Em um HD com dados de seu computador apreendido, Marcelo Odebrecht encontrou 480 mil emails, 230 mil anexos e 70 mil documentos.

Há emails desde 2012 que, para a PGR, demonstram "a estreita relação do senador Renan Calheiros com o tema de interesse do Grupo Odebrecht envolvendo os contratos de energia com a Chesf".

Um exemplo citado pela procuradora é mensagem enviada por Cláudio Melo Filho a Marcelo Odebrecht e Carlos Fadigas em 11 de dezembro de 2012:

"Marcelo, ontem me reuni com Sen Renan, que incluiu uma emenda de relator e permitiu que Chesf fosse beneficiada até 2015. Vamos tentar ainda incluir possibilidade de renovação nas mesmas bases. Contudo já foi uma vitória!! Abs", diz Melo Filho no email.

"JW e Renan hoje têm força suficiente para, se quiserem, conseguirem resolver o tema da energia Chesf!", diz Marcelo Odebrecht em 27 de outubro de 2014. JW seria Jaques Wagner, governador da Bahia à época.

Em outra troca de mensagens entre os três, desta vez em 11 de março de 2015, eles discutem a tentativa de derrubar um veto presidencial. Acabaram derrotados.

"Foi por bem pouco. De qualquer forma, mandamos uma mensagem para o governo", afirma Fadigas no texto.

Outro senador mencionado na petição é Romero Jucá (MDB-RR).

"Cláudio Melo Filho fez expressa menção em sua colaboração de que, durante a votação deste veto, embora não tenha ocorrido a derrubada por apenas dois votos, restou evidente o empenho do senador Renan Calheiros, que presidia a sessão. Ademais, segundo o colaborador Cláudio Melo, haveria uma atuação concentrada entre Renan Calheiros e Romero jucá nesse assunto", afirma a PGR listando oito emendas a medidas provisórias apresentadas por Jucá para prorrogar os contratos de fornecimento de energia diretamente pela Chesf às indústrias até 2042.
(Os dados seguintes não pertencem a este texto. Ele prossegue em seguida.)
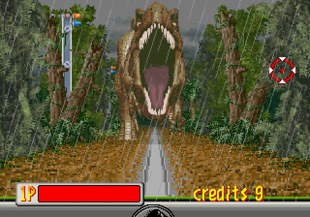 Несколько месяцев спустя мы вернулись на остров снова. Вечер-в радость, ретро-в сладость! Всем привет и сегодня мы играем в Парк Юрского Периода! Эта игра-некий аркадный аттракцион (после которого, если честно, Я долгое время решил не углубляться в Парк Юрского Периода...). Но ради Вас-я вернусь в этот аттракцион! За аркадным автоматом-Retroboy, поехали! Добро пожаловать в Парк Юрского Периода! Удачи! Ария 1: Мы должны отстреливаться от динозавров, которые будут встречаться нам на пути. Когда Я начал играть во второй раз, то вспомнил, почему решил не возвращаться к этой теме. Дело в том, что здесь есть тираннозавры, в которых нужно стрелять в голову, а сама игра выполнена в жанре аркады от первого лица. Как только мы скрылись от Т-рекса в пещере, на нас начали нападать более мелкие динозавры. Выбравшись из пещеры, мы столкнулись со стаей динозавров, от которых также нужно было отстреливаться. Почему так получается, что по классике жанра сначала бежишь к динозаврам, а потом убегаешь от

"Os novos dados que estão sendo juntados com esta manifestação reforçam que o Grupo Odebrecht buscou o auxílio do senador Renan Calheiros no tema referente aos contratos de energia das eletrointensivas. Estes novos elementos também reforçam os indícios de que a atuação do senador se deu durante todo o processo, passando pela MP 656 e a tentativa de derrubada do veto presidencial", conclui Dodge. 

Outro lado

A assessoria de imprensa de Renan Calheiros encaminhou nota em que o senador afirma que "email nenhum vai me puxar para baixaria no processo legislativo".
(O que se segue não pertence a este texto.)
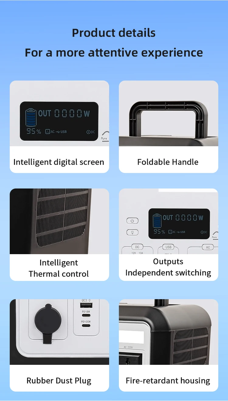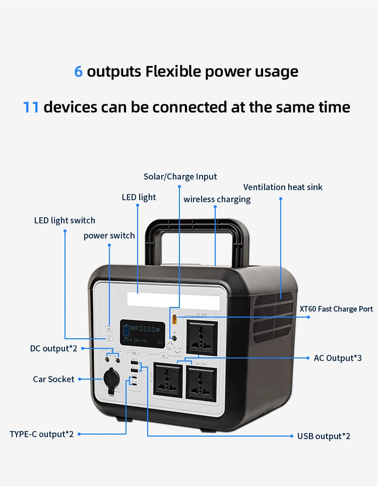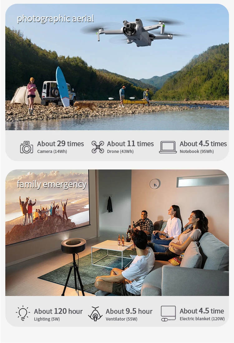 7. AC port compatible with all kinds of device , like water boiler,fan , juice extractor, coffee maker,frying pan, and etc.

"A chance de eu ter me contaminando com essa roubalheira é zero. Pelo contrário. Criei o óbice temático para tirar das medidas provisórias todos os 'jabutis', sob o testemunho dos senadores. Fiz a minha parte. Nove investigações já foram arquivadas pelo STF. As demais também serão por absoluta falta de provas", afirmou o ex-presidente do Senado, cotado para disputar o cargo mais uma vez, em 2019.

Em nota, Jucá disse que "é lamentável  que esteja sendo anexado como prova de inquérito um e-mail entre duas pessoas de uma mesma empresa que fala sobre um suposto favorecimento financeiro de uma emenda que foi vetada".

O MDB, partido de Renan e Jucá, também divulgou nota sobre a inclusão dos emails no inquérito.

"Essa é mais uma tentativa de criminalizar a política com base em informações incompletas e equivocadas, sobre uma emenda que nem aprovada foi. Essas investidas absurdas contra o trabalho e o cotidiano do Legislativo dificultam a retomada da economia e jogam contra o Brasil."

Por meio de sua assessoria de comunicação, o senador eleito Jaques Wagner criticou a insinuação da sua participação e afirmou que os fatos comprovam que ele não teve nenhuma interferência neste processo.

"Trata-se de mais uma notícia requentada, insinuando que meras citações —neste caso uma insinuação— seriam indícios de envolvimento em algo ilícito, algo que o senador eleito refuta. Assim como registramos mais uma vez a inconformidade com este método de primeiro publicar uma notícia e somente depois ouvir o que dizem os citados. Jornalismo se faz com seriedade e sempre ouvindo todos os lados", diz a nota.